# Exercise materials
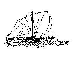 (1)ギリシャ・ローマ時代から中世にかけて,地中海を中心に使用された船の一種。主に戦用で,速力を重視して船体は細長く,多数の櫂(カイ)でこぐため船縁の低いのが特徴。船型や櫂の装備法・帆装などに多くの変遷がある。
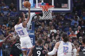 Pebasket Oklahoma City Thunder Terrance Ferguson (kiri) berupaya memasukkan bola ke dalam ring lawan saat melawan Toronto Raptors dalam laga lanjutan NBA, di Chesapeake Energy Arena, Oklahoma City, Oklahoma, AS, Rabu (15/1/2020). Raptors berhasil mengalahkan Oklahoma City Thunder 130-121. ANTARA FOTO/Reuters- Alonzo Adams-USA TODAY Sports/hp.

--

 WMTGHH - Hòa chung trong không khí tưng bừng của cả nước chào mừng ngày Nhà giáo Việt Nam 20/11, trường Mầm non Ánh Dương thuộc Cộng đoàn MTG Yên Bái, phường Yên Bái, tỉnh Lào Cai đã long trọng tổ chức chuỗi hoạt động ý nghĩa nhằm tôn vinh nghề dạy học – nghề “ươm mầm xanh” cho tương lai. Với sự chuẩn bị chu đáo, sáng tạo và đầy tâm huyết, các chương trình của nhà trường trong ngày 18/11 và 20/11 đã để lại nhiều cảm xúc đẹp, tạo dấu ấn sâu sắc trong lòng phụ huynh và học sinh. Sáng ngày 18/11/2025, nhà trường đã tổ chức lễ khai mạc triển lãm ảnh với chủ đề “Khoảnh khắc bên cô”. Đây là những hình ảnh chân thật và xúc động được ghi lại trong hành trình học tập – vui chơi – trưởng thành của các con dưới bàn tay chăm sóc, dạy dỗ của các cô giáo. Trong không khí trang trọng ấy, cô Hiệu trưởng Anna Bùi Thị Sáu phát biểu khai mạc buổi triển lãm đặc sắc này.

# Task
From the records above, give again only the part that opens with the line containing "(1)ギリシャ・ローマ時代か" and closes with the line containing "Pebasket Oklahoma City". Keep both ends but drop the pictures.

# Completed exercise
 (1)ギリシャ・ローマ時代から中世にかけて,地中海を中心に使用された船の一種。主に戦用で,速力を重視して船体は細長く,多数の櫂(カイ)でこぐため船縁の低いのが特徴。船型や櫂の装備法・帆装などに多くの変遷がある。
 Pebasket Oklahoma City Thunder Terrance Ferguson (kiri) berupaya memasukkan bola ke dalam ring lawan saat melawan Toronto Raptors dalam laga lanjutan NBA, di Chesapeake Energy Arena, Oklahoma City, Oklahoma, AS, Rabu (15/1/2020). Raptors berhasil mengalahkan Oklahoma City Thunder 130-121. ANTARA FOTO/Reuters- Alonzo Adams-USA TODAY Sports/hp.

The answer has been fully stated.